Nonviolence: The History of a Dangerous Idea
- First edition
- Author: Mark Kurlansky
- Language: English
- Genre: Non-Fiction
- Publisher: Modern Library Chronicles, division of Random House
- Publication date: 2006
- Media type: Print
- ISBN: 0-679-64335-4

= Nonviolence: The History of a Dangerous Idea =

2006 book by Mark Kurlansky

Nonviolence: The History of a Dangerous Idea, first published as Nonviolence: Twenty-Five Lessons from the History of a Dangerous Idea, is a book by Mark Kurlansky.

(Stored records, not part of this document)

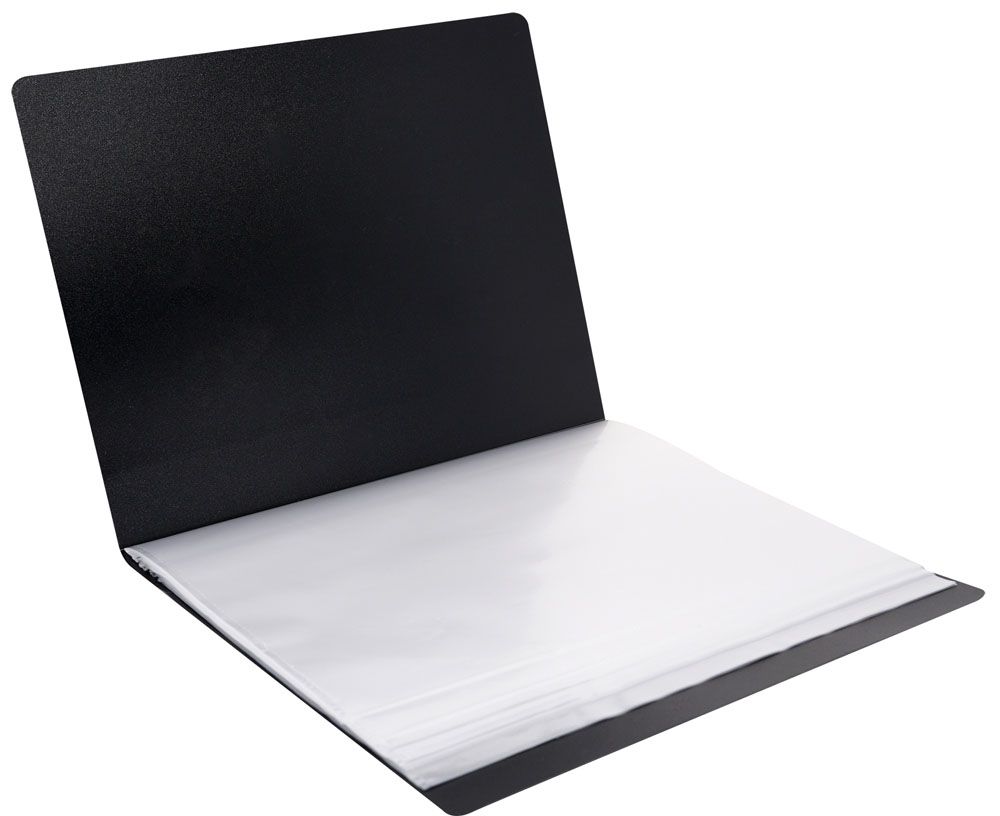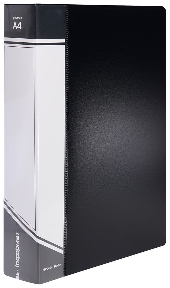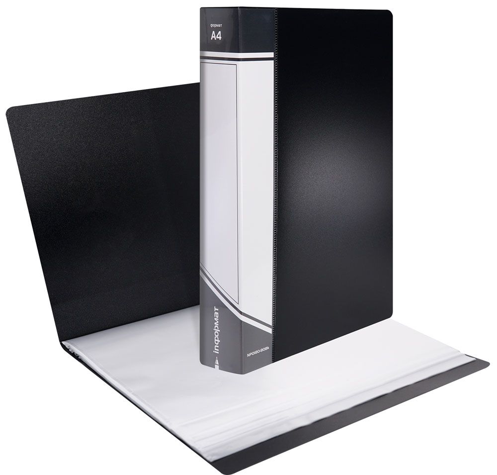 Прочная папка формата A4 из высококачественного пластика с прозрачными карманами-файлами. Внутренние файлы плотно закреплены в корешке папки. Имеет прозрачный карман с вкладышем для маркировки. Толщина пластика — 800 мкм, 80 файлов.
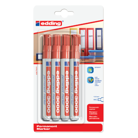 P370 + P378 For brand: ., ., ., use to delete. 3 pieces Edding 3000 black permanent markers. They are particularly suitable for writing, painting and marking on almost all materials, including glass, metal and plastic. Permanent, low-odour alcohol-based ink. Shaft: aluminium, line thickness: approx. 1, 5-3 mm writing point, replaceable. P102 Shaft: aluminium, line width: approx. Ideal for labelling, painting and marking on almost all materials, including glass, metal and plastic. Buy Edding 3000 4-3000-999 Permanent marker Black, Red, Dark blue, Dark green, Yellow, Light blue, Rose, Brown, Orange, Viol | Electronic Edding 3000 Marcador permanente - rellenable, 1,5-3 mm Safety Warning P102: Keep out of reach of children. P501: Dispose of contents/container in accordance with national regulations, only empty leftover, P405 store under closure. Permanent, low-odour, waterproof, quick drying and abrasion resistant ink , Line width: 1., 5 - 3 mm , Tip: round tip. Refillable Permanent Marker Edding 3000 Pack 1.5-3mm s (6 Black Permanent Markers Pack Of 3 Refillable marker, permanent ink
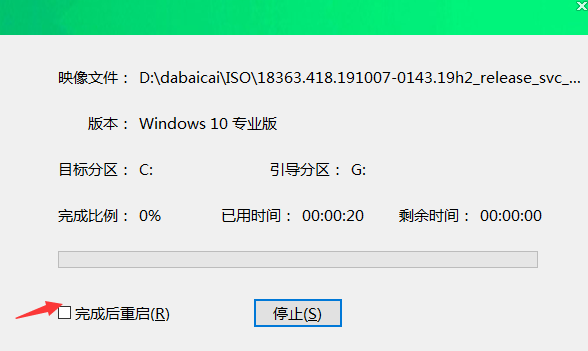 5、勾选【完成后重启】,一定要在重启前拔掉U盘,以免再次进入大白菜PE系统。
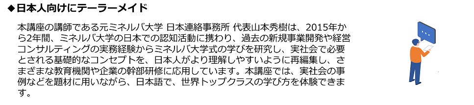 B Lab( https://blaboratory.org/ )と連携して実施する本プログラムは、世界中から注目を集めるミネルバ大学の教育メソッドを取り入れ、元ミネルバ大学日本連絡事務所代表山本氏を講師に、未来を主体的に切り拓く次世代のリーダーに不可欠である、未知の状況を想定し、適切な意思決定やコミュニケーションをとり、行動を起こす「思考習慣」を鍛えます。
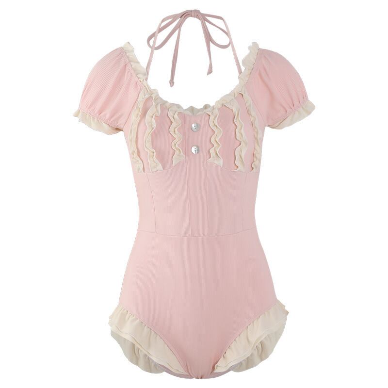 スウィート ins風 ピンク フリル モノキニ 温泉 水泳 ワイヤーなし 体型カバー 水着65531233
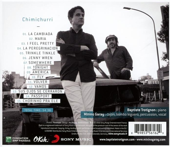 \"Chimichurri\" est le nom d'une épice assez piquante originaire d'Argentine. Et le mélange que proposent ici le pianiste français Baptiste Trotignon et le batteur et percussionniste argentin Minino Garay est aussi quelque chose de spécial. Elle rassemble des éléments européens, afro-américains et sud-américains dans des chansons aussi connues et diverses que \"Maria\" et \"I feel Pretty\" de Bernstein, \"Jenny Wren\" de Paul McCartney, \"Volver\" de Carlos Gardel ou \" Passport \" de Charlie Parker \". \" Un album qui séduit par ses différentes sphères et crée de la joie \", tel est le verdict du \" Jazz Magazine \" français.
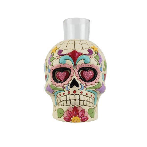 Designed in the iconic style of Jim Shore. This Day of the Dead purple skull candleholder is beautifully decorated with lively Mexican inspired pattern and colour. Modelled after a sugar skull. Hand painted in high quality cast stone. Designed by award-winning artist and sculptor Jim Shore for Heartwood Creek. Item is supplied in branded gift packaging. Unique variations should be expected due to product being hand painted.
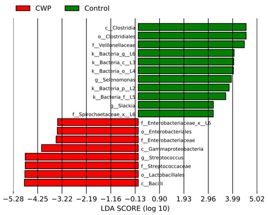 In addition, we applied methods of discriminant analysis to find the most significant characteristics that distinguish groups of data from each other. The LEfSe method revealed an increase in the abundance of a number of taxa both in the CWP group (red) and in the control group (green) (Figure 3). The ANCOMBC method revealed an increase in the absolute abundance, in the CWP group relative to the control, for Streptococcus (beta = 1.86, W = 3.94, SE = 0.47, q-value = 0.01).

It follows the history of nonviolence and nonviolent activism, focusing on religious and political ideals from early history to the present.

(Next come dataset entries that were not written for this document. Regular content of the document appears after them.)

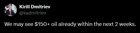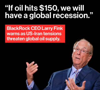 Наряду с продолжающимся извлечением из-под завалов безжизненных тел жертв « глубоко незаконной и несправедливой » войны, которую президент Трамп ведет против Ирана , как говорится в этом отчете, главный представитель президента России Кирилл Дмитриев вчера опубликовал серьезное предупреждение: « Мы можем увидеть цену на нефть выше 150 долларов уже в течение следующих двух недель ». Генеральный директор крупнейшего в мире финансового гиганта BlackRock Ларри Финк ранее предупреждал , что цена на нефть в 150 долларов вызовет глобальную рецессию. Мировые эксперты по энергетике на прошлой неделе с серьезом отметили: « Когда более месяца назад первые ракеты США и Израиля попали в Иран, цена на нефть в 150 долларов за баррель считалась апокалиптическим прогнозом... Но цена физической нефти марки Brent уже на волосок от 150 долларов, в то время как фьючерсная цена еще не догнала... В четверг она достигла 141,37 доллара, уровня, невиданного с начала финансового кризиса 2008 года ». И это происходит по мере того, как мир несется к апокалиптическому финансовому кризису и глобальной рецессии. «Рецессия», — с ужасом оценила газета Washington Post : « Подобно раскатам грома, предвещающим надвигающуюся бурю, рост счетов за электроэнергию, процентных ставок и дефицита поставок может быть предупреждением о грядущих худших последствиях ».
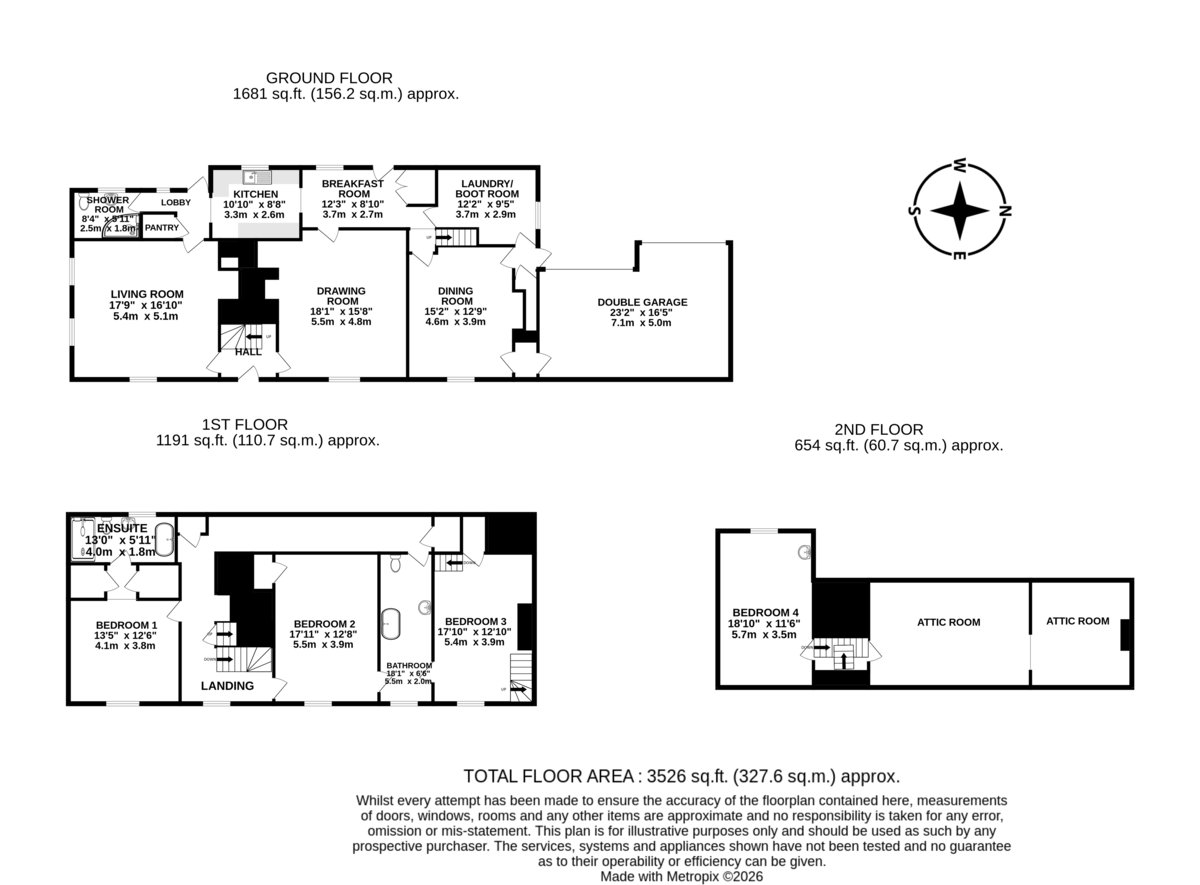 The ground floor offers a welcoming sitting room, an elegant dining room ideal for entertaining, and an impressive drawing room providing a grand yet comfortable living space. The kitchen/breakfast room is well appointed with an integrated range cooker and benefits from a traditional pantry. Practical additions include a ground floor shower room and a useful laundry/boot room.
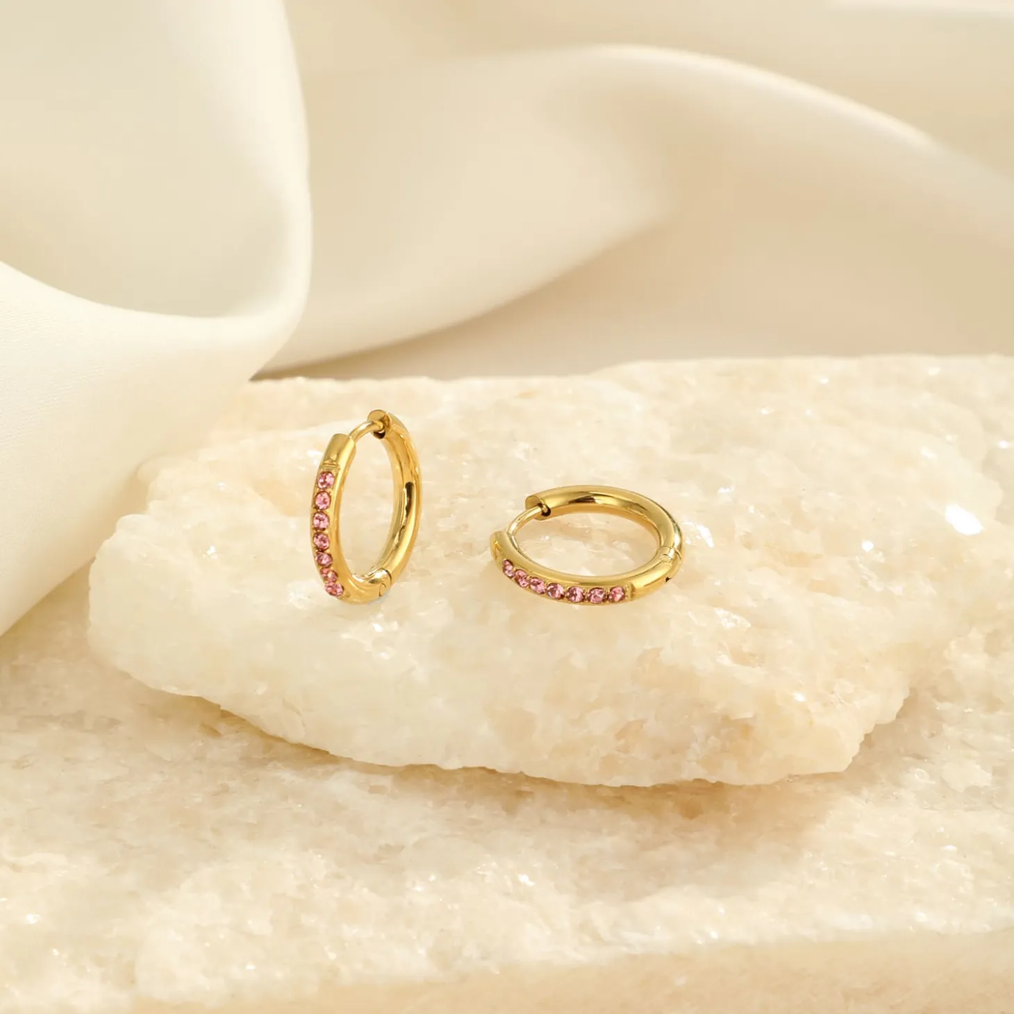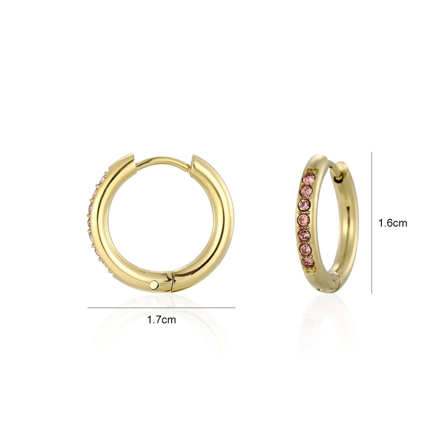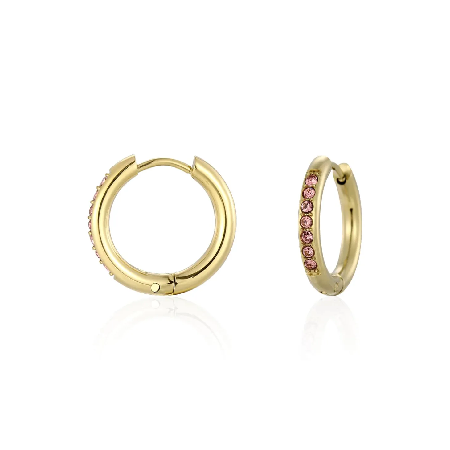 Gouden Hoops met roze steentjes. De oorbel is 1.6cm breed. Gemaakt van hoogwaardig stainless steel.

==The Τwenty-Five Lessons==
Kurlansky summarizes the Twenty-Five Lessons as follows:
1. There is no proactive word for nonviolence [in English].
2. Nations that build military forces as deterrents will eventually use them.
3. Practitioners of nonviolence are seen as enemies of the state.
4. Once a state takes over a religion, the religion loses its nonviolent teachings.
5. A rebel can be defanged and co-opted by making him a saint after he is dead.
6. Somewhere behind every war there are always a few founding lies.
7. A propaganda machine promoting hatred always has a war waiting in the wings.
8. People who go to war start to resemble their enemy.
9. A conflict between a violent and a nonviolent force is a moral argument. If the violent side can provoke the nonviolent side into violence, the violent side has won.
10. The problem lies not in the nature of man, but in the nature of power.
11. The longer a war lasts, the less popular it becomes.
12. The state imagines it is impotent without a military because it can not conceive of power without force.
13. It is often not the largest, but the best organized and most articulate group that prevails.
14. All debate momentarily ends with an enforced silence once the first shots are fired.
15. A shooting war is not necessary to overthrow an established power, but is used to consolidate the revolution itself.
16. Violence does not resolve; it always leads to more violence.
17. Warfare produces peace activists. A group of veterans is a likely place to find peace activists.
18. People motivated by fear do not act well.
19. While it is perfectly feasible to convince a people faced with brutal oppression to rise up in a suicidal attack on their oppressor, it is almost impossible to convince them to meet deadly violence with nonviolent resistance.
20. Wars do not have to be sold to the general public if they can be carried out by an all-volunteer professional military.
21. Once you start the business of killing, you just get deeper and deeper without limits.
22. Violence always comes with a supposedly rational explanation, which is only dismissed as irrational if the violence fails.
23. Violence is a virus that infects and takes over.
24. The miracle is that despite all of society's promotion of warfare, most soldiers find warfare to be a wrenching departure from their own moral values.
25. The hard work of beginning a movement to end war has already been done.

==Awards==
This book was the 2007 non-fiction winner of the Dayton Literary Peace Prize.